**DATA LISTING**
[Start of section]

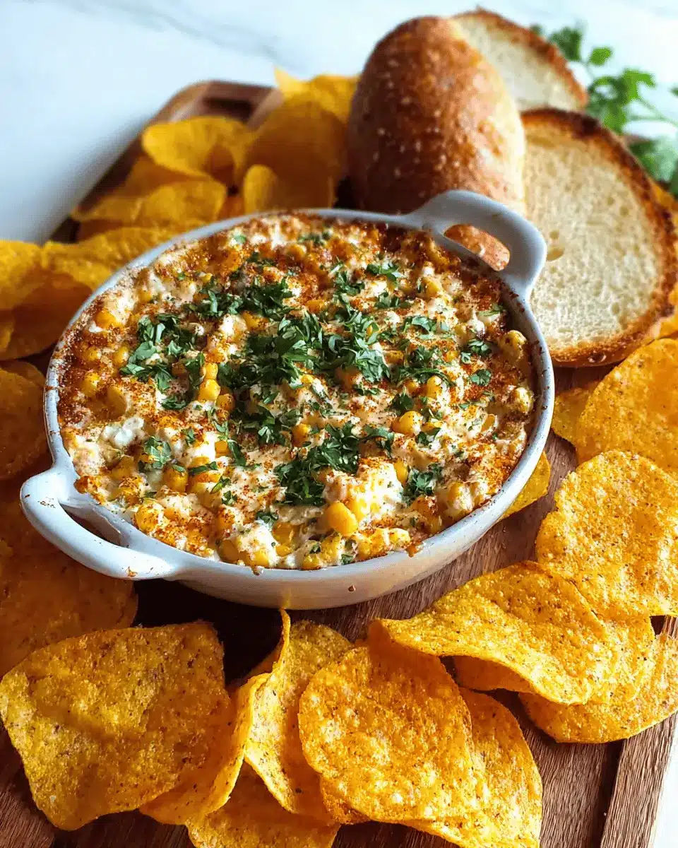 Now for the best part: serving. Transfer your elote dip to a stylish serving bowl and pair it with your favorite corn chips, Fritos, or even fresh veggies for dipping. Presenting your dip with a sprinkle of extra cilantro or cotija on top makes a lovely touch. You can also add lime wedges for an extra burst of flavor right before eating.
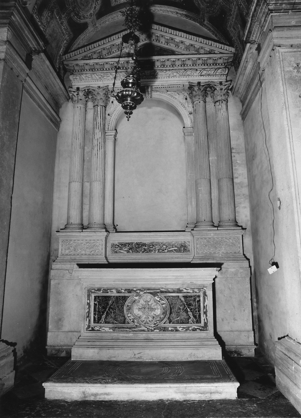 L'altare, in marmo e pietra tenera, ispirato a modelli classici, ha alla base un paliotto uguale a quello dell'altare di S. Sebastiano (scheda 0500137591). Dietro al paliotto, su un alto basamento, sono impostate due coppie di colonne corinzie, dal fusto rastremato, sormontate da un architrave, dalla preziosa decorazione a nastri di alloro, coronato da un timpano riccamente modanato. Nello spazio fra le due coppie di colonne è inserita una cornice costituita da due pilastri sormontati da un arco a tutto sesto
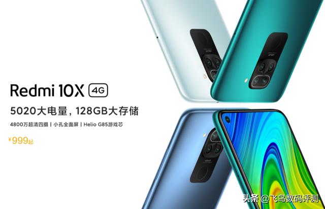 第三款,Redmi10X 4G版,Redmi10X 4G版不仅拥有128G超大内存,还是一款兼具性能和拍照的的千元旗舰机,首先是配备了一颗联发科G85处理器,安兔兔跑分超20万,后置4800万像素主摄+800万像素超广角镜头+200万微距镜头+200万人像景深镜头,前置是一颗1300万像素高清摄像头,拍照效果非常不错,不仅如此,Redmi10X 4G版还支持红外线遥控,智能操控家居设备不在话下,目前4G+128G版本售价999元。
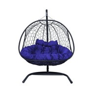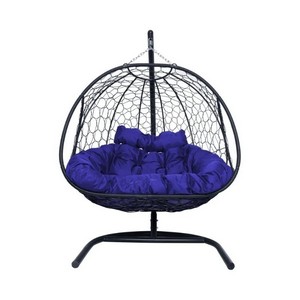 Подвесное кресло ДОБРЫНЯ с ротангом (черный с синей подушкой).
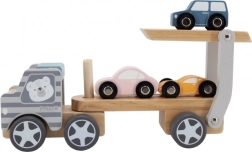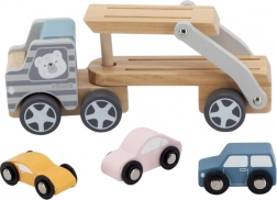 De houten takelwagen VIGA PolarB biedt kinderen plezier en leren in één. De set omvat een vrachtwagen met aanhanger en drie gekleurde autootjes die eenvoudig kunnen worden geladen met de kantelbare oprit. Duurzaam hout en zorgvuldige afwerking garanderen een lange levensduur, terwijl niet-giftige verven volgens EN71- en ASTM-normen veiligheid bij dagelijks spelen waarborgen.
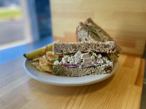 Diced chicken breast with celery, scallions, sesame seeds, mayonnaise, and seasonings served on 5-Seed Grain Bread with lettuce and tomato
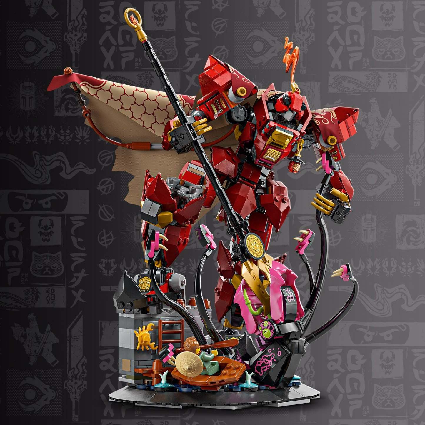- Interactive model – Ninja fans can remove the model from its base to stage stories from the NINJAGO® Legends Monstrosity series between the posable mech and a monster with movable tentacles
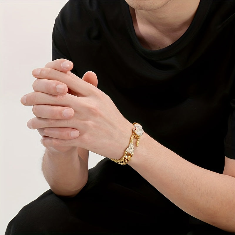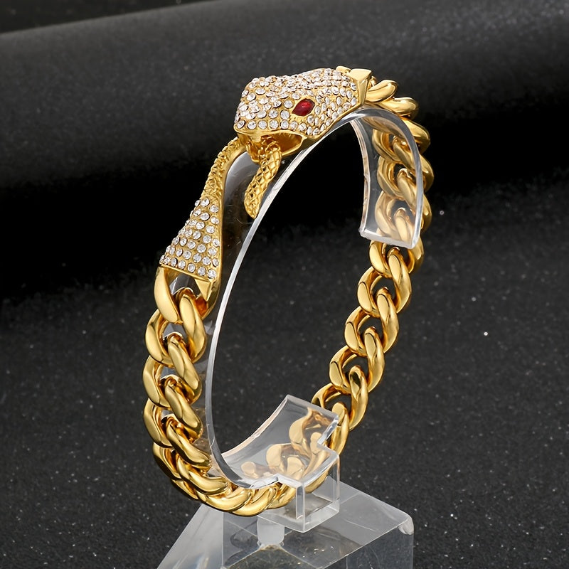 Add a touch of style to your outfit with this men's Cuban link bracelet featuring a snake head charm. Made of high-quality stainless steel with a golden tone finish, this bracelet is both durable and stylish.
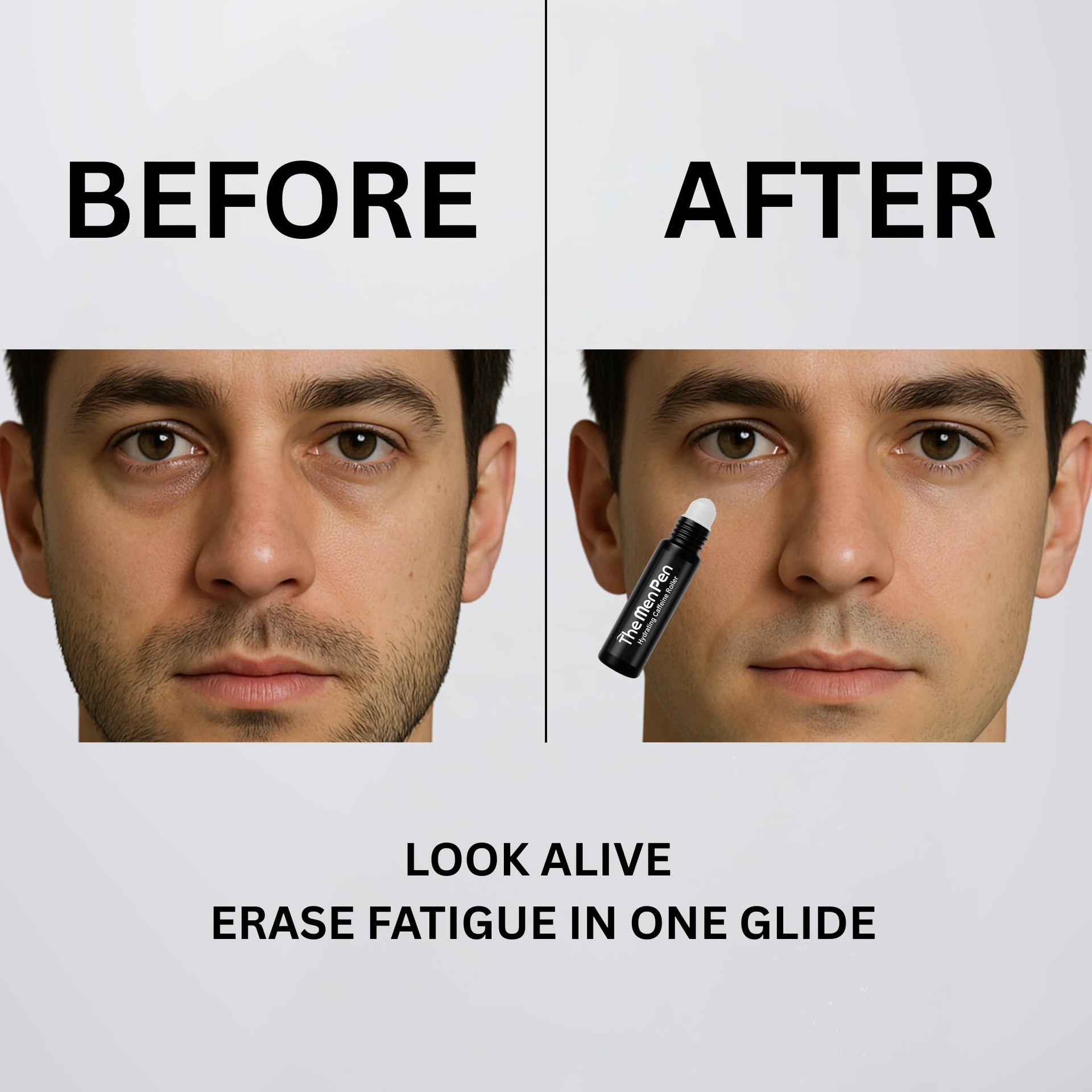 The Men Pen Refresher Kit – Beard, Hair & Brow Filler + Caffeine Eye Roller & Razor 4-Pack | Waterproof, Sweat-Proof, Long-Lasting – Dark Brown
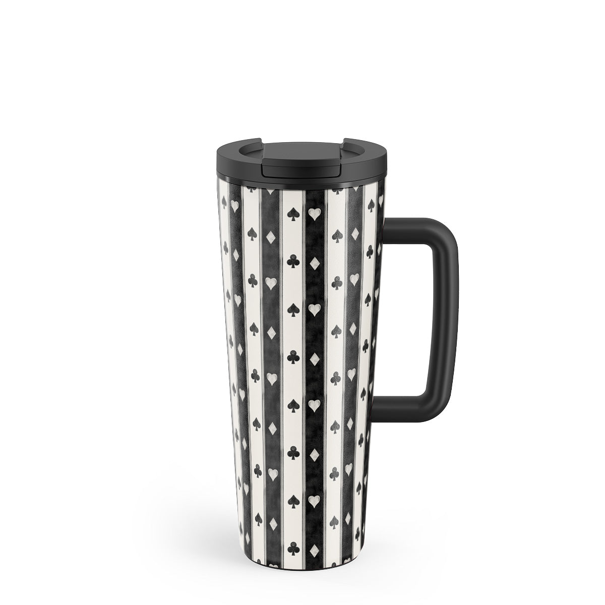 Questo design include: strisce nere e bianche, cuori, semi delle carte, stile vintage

[End of section]
[Start of section]

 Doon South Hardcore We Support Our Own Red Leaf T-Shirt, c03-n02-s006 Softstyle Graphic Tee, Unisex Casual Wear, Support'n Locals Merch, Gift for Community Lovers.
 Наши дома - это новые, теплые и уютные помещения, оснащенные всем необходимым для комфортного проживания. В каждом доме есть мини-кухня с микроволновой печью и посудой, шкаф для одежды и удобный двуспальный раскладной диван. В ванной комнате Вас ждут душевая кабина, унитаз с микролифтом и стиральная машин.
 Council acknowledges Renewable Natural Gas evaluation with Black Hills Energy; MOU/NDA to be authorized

[End of section]
[Start of section]

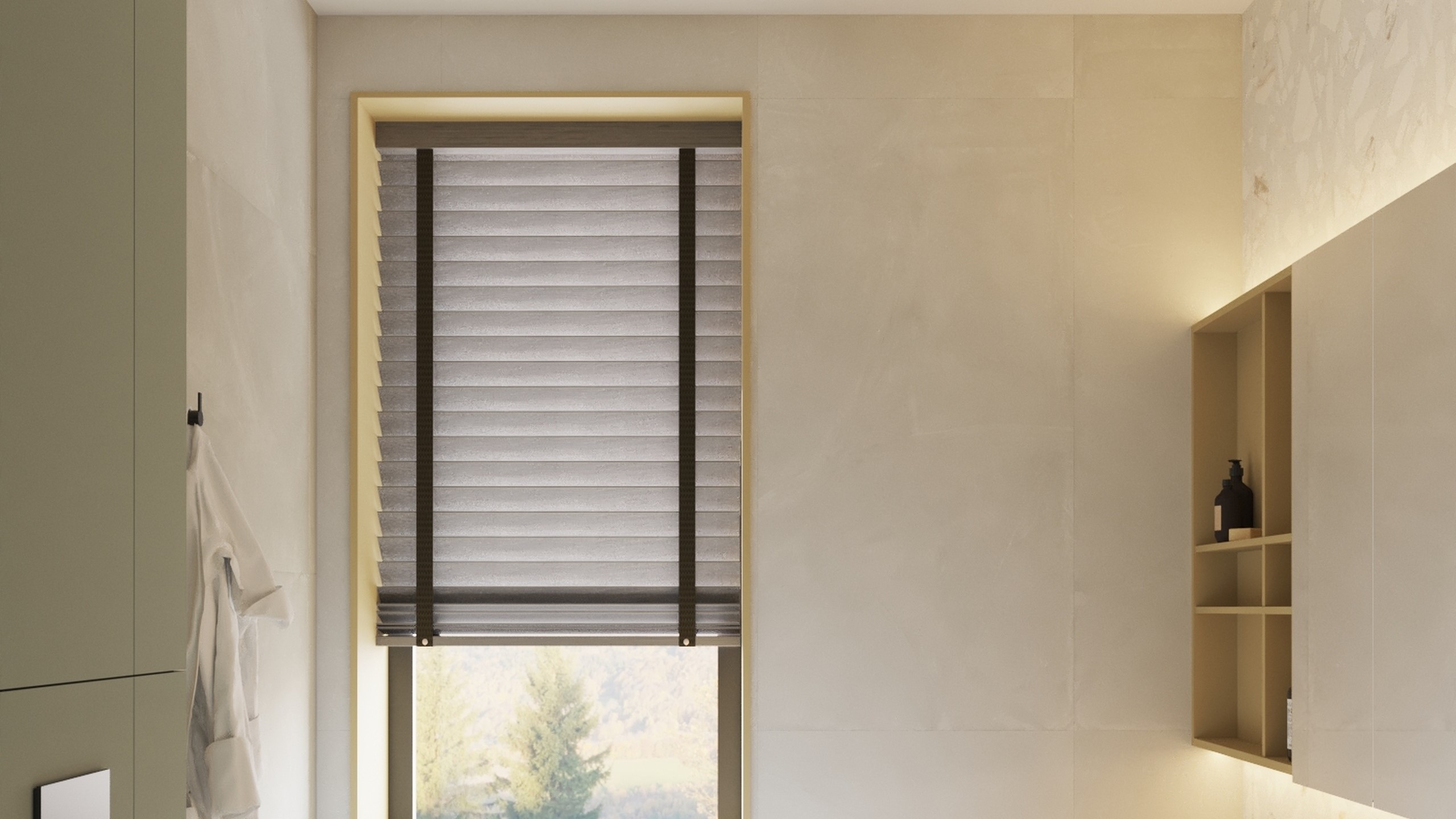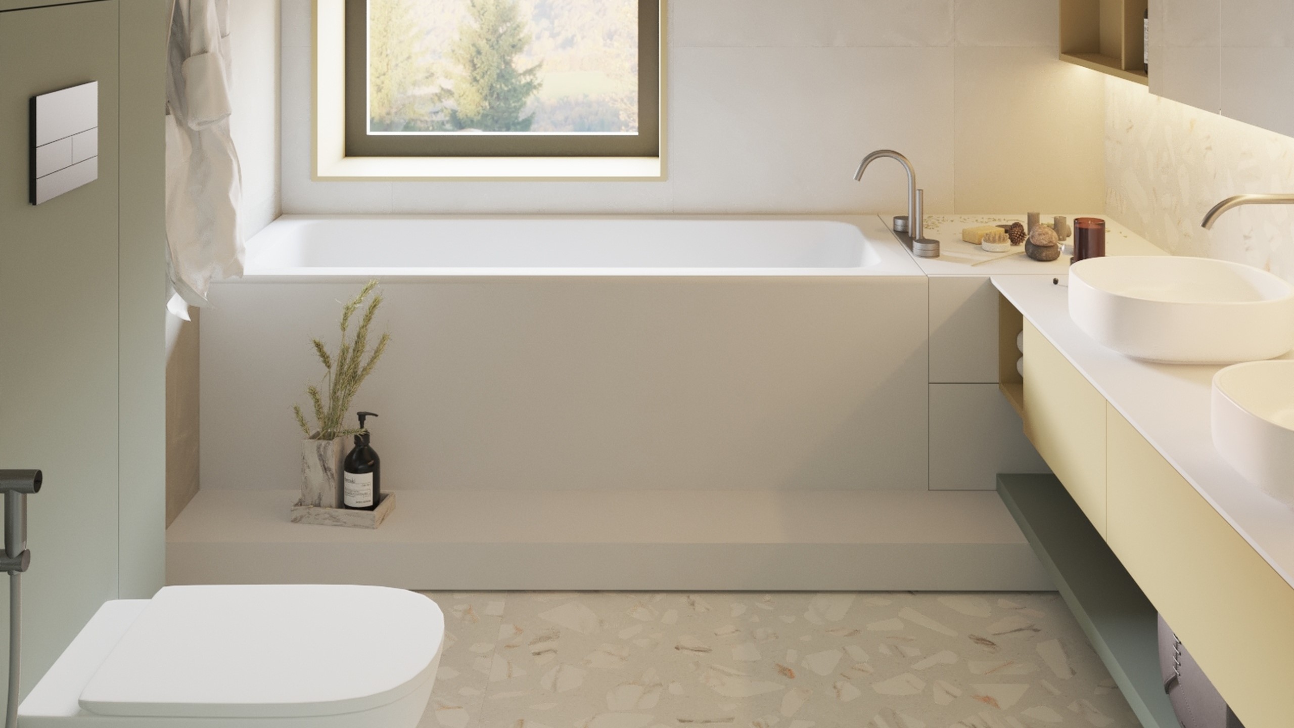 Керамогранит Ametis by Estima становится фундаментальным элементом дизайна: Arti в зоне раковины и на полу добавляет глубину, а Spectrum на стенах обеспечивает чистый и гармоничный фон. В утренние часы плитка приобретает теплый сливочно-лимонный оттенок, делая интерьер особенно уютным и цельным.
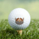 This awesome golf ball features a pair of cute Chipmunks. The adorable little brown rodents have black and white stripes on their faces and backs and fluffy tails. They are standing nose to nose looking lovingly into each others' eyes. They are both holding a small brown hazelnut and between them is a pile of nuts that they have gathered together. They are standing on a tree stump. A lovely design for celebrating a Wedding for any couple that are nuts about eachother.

[End of section]

**YOUR TASK**
From the material above, give again exactly the lines from the one that contains "Add a touch" through the one that contains "Questo design include: strisce", and leave out the pictures.

**PROBLEM SOLUTION**
 Add a touch of style to your outfit with this men's Cuban link bracelet featuring a snake head charm. Made of high-quality stainless steel with a golden tone finish, this bracelet is both durable and stylish.
 The Men Pen Refresher Kit – Beard, Hair & Brow Filler + Caffeine Eye Roller & Razor 4-Pack | Waterproof, Sweat-Proof, Long-Lasting – Dark Brown
 Questo design include: strisce nere e bianche, cuori, semi delle carte, stile vintage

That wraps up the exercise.